3.3 De in het vierde onderdeel vervatte motiveringsklacht is eveneens gegrond. Kennelijk heeft het Hof als omstandigheid welke de draagkracht van de man bepaalt mede in aanmerking genomen de door deze voor een door hem afgesloten lijfrente-overeenkomst verschuldigde premie welke telkens gelijk is aan het premiebedrag dat voor het desbetreffende jaar maximaal fiscaal aftrekbaar is. De. Rechtbank had die premies buiten beschouwing gelaten op grond van haar oordeel dat "het betalen van lijfrentepremies - afgezien van de daarin verdisconteerde risicopremie - een wijze van vermogensvorming is". Op de tegen die beslissing gerichte grief van de man heeft de vrouw in haar verweerschrift in hoger beroep het oordeel van de Rechtbank verdedigd.
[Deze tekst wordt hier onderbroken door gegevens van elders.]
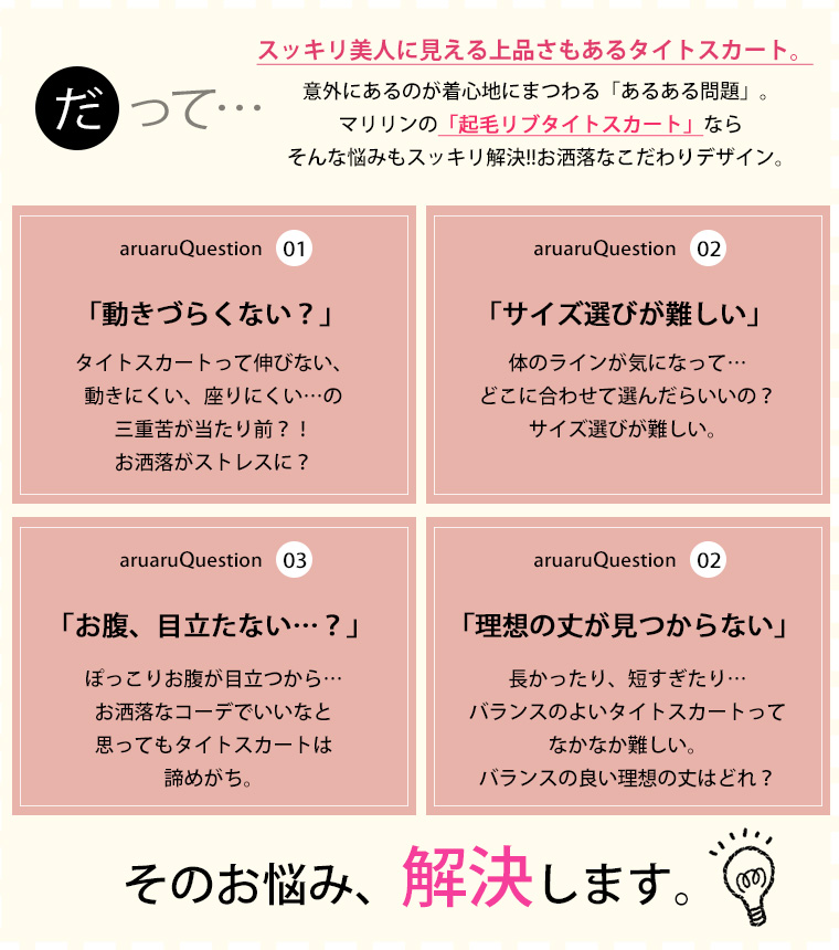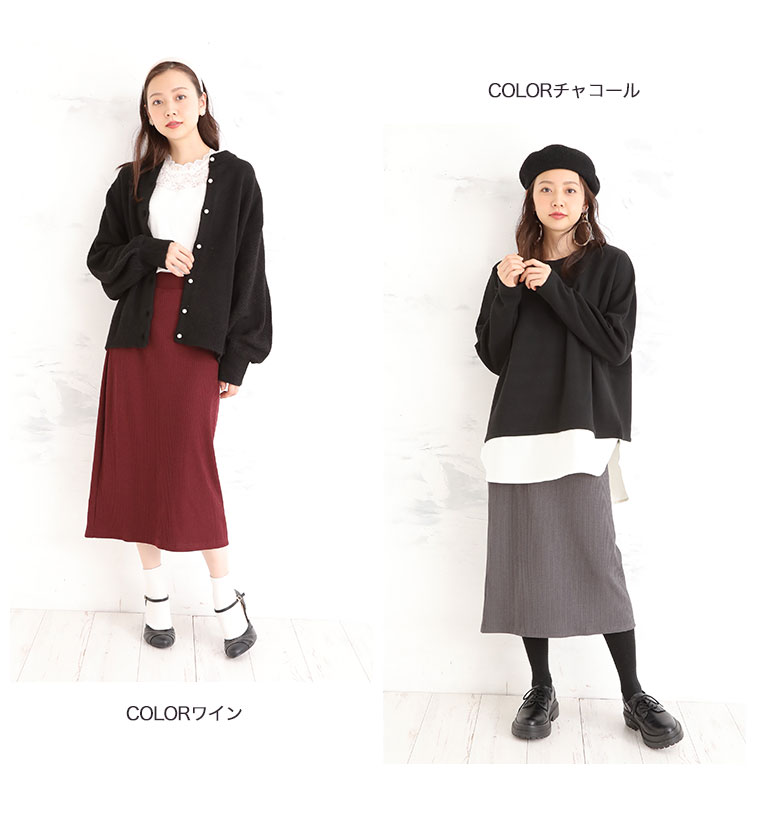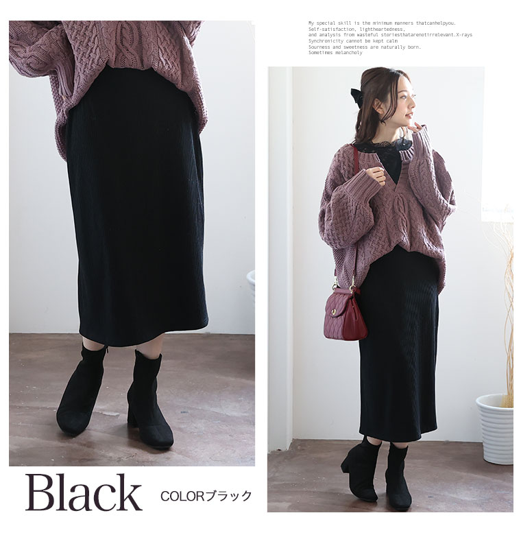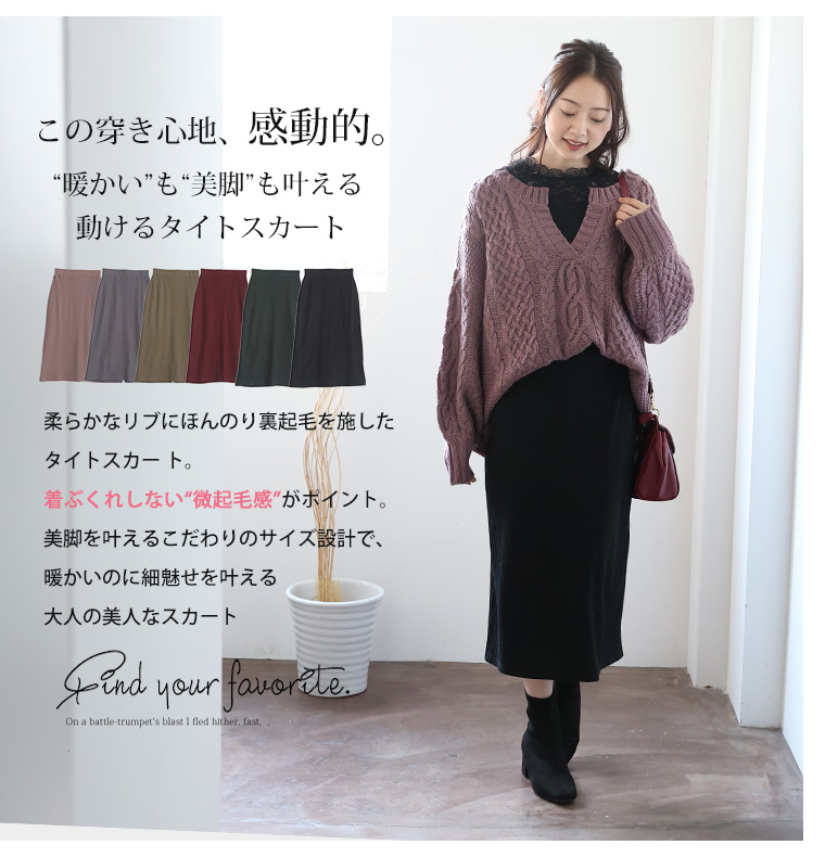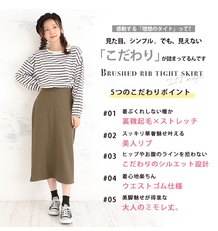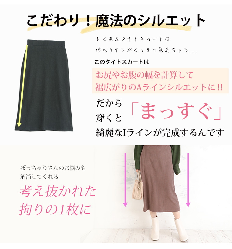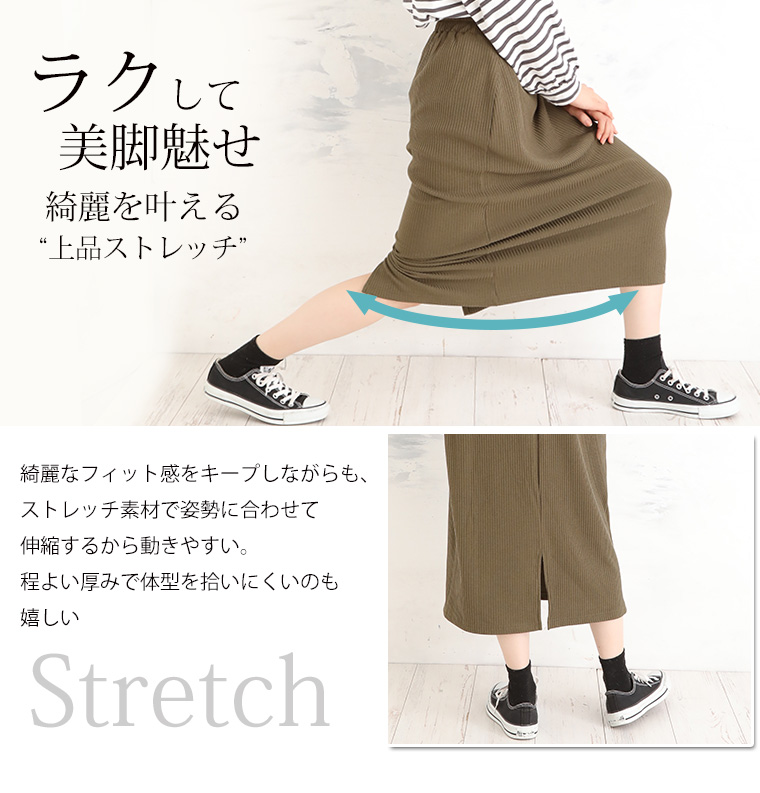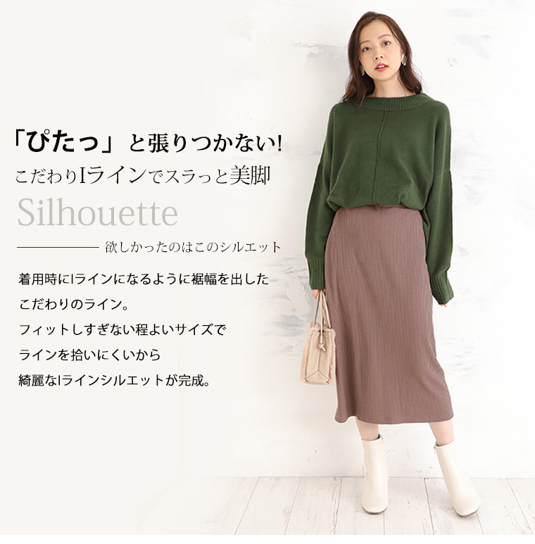 着膨れ回避の細魅せ美脚!裏微起毛タイトリブスカート

Aan het uitvoerige betoog van de vrouw op dit voor de draagkracht van de man belangrijke punt is het Hof zonder enige motivering voorbijgegaan. De bestreden uitspraak is ook in zoverre niet naar de eis der wet met redenen omkleed.
Het derde onderdeel richt zich tevergeefs tegen een feitelijke vaststelling in de bestreden beschikking welke in het licht van de gedingstukken - in het bijzonder in het licht van hetgeen als verklaring van de vrouw is opgenomen in het proces-verbaal van 's Hofs terechtzitting van 24 februari 1982 - niet onbegrijpelijk is.
De gegrondbevinding van het tweede en vierde onderdeel moet leiden tot vernietiging van 's Hofs beschikking en verwijzing, in verband waarmee het eerste onderdeel geen bespreking behoeft.
De Hoge Raad:
vernietigt de beschikking van het Hof te Amsterdam van 31 maart 1982;
verwijst de zaak ter verdere behandeling en beslissing naar het Hof te 's-Gravenhage;
compenseert de kosten van het geding in cassatie aldus dat elk der partijen de eigen kosten draagt;
verleent de vrouw vergunning om in cassatie kosteloos te procederen.
Deze beschikking is gewezen door de vice-president Drion als voorzitter, en de raadsheren Haardt, Martens, Van den Blink en Verburgh, en in het openbaar uitgesproken door de vice-president Ras op 4 februari 1983.